Second primitive frame memory module reads primitive frame image from buffer location, and in this, as first two field picture during video playback, decoder module reads lumpy pattern information, agglomerate motion compensation difference and agglomerate deformation from buffer location and compensates residual value and be separately sent to agglomerate cache module, agglomerate motion compensation feedback module and agglomerate deformation Compensation Feedback module after the decoding.
The lumpy pattern information received, agglomerate motion compensation difference and agglomerate deformation compensation residual value is loaded into present frame reconstructed module and is used for reconstructing current frame image by the second agglomerate cache module, agglomerate motion compensation feedback module and agglomerate deformation Compensation Feedback module respectively.
Second agglomerate interframe movement prediction module and the agglomerate motion prediction vectors of the second agglomerate interframe deformation prediction module and agglomerate deformation tendency parameter result of calculation load to the 3rd present frame reconstructed module the most respectively for reconstructing current frame image.Agglomerate motion prediction vectors and agglomerate deformation tendency parameter are also separately input to agglomerate interframe movement trend cache module and agglomerate interframe deformation tendency cache module by the second agglomerate interframe movement prediction module and the second agglomerate interframe deformation prediction module, in case occur packet loss, frame losing time can before frame trend continue reconstruct image.

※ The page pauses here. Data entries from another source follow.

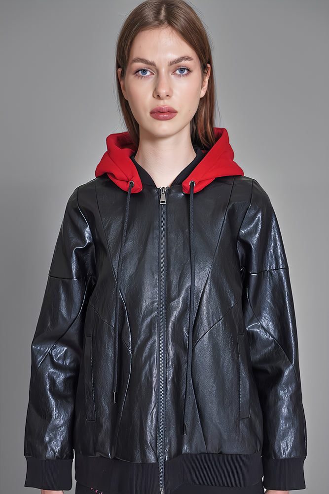 BLACK/BROWN GENUINE LEATHER FUR-COLLAR CROPPED JACKET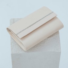 Sandałki Felicia na słupku ecru z cyrkoniowym paskiem [649]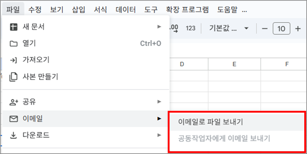 이 메뉴는 스프레드시트의 내용을 이메일로 바로 보낼 수 있도록 도와줍니다.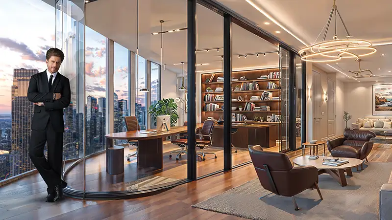 Rising majestically along the iconic Offices on Sheikh Zayed Road, SHARUKHZ redefines the concept of premium office spaces in Dubai. This 55-storey commerical architectural marvel is not just a building; it is a symbol of ambition, success, and legacy. Inspired by the extraordinary journey of Shahrukh Khan, SHARUKHZ pays tribute to visionaries, entrepreneurs, and business leaders who are determined to script their own destinies. Here, each office space is more than a workplace—it is a stage for innovation, growth, and achievement.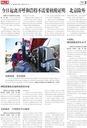 今日起离开呼和浩特不需要核酸证明 北京除外

Second agglomerate interframe movement prediction module and the second agglomerate interframe deformation prediction module the most constantly gather the two field picture reconstructing out, are output as sky at initial light with when cannot calculate motion or deformation tendency after gathering primitive frame image and the second two field picture.

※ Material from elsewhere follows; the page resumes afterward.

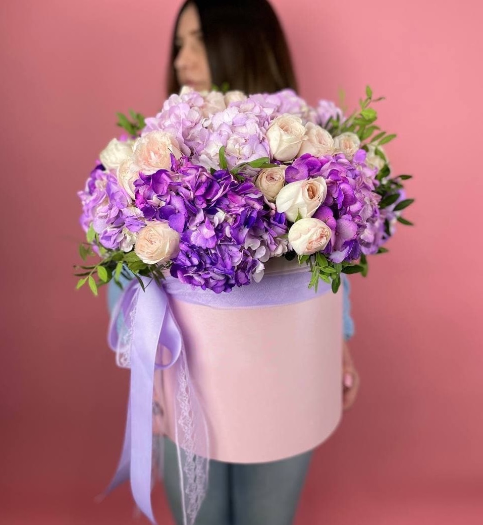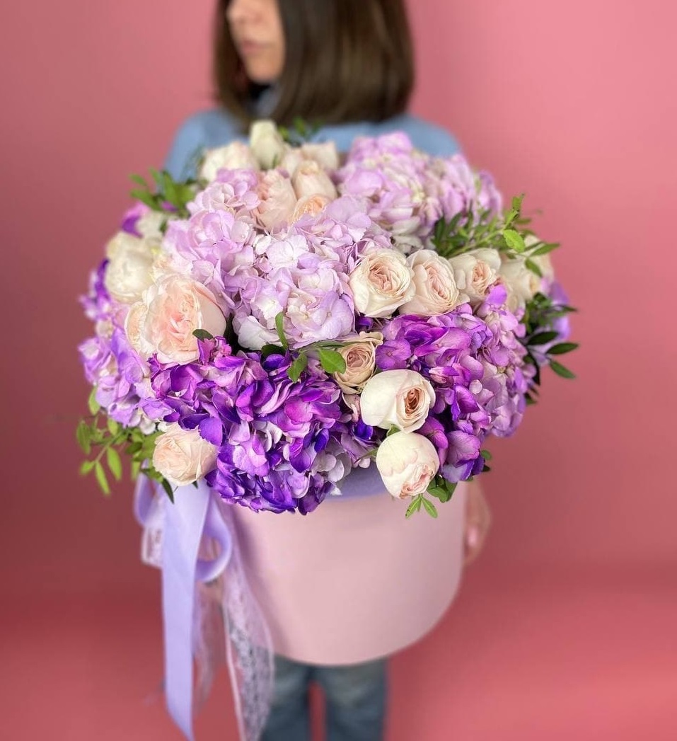 Гортензия и кустовые розы соединяются с веточками эвкалипта и ваксфлауэра в свободной композиции. Разная плотность соцветий создаёт живой ритм и природную лёгкость.

The 3rd present frame reconstructed module in decoding unit first reads the primitive frame image in the second primitive frame memory module when reconstruct, read the lumpy pattern information in the second agglomerate cache module again, compensate residual value and carry out the picture of present frame by combining agglomerate motion prediction vectors and agglomerate deformation tendency and agglomerate motion compensation difference and agglomerate deformation and reconstruct and export.
The present invention is not limited to above-described embodiment, and the technical scheme of each embodiment above-mentioned of the present invention can form new technical scheme with combined crosswise each other, and the technical scheme that the most all employing equivalents are formed all falls within the protection domain of application claims.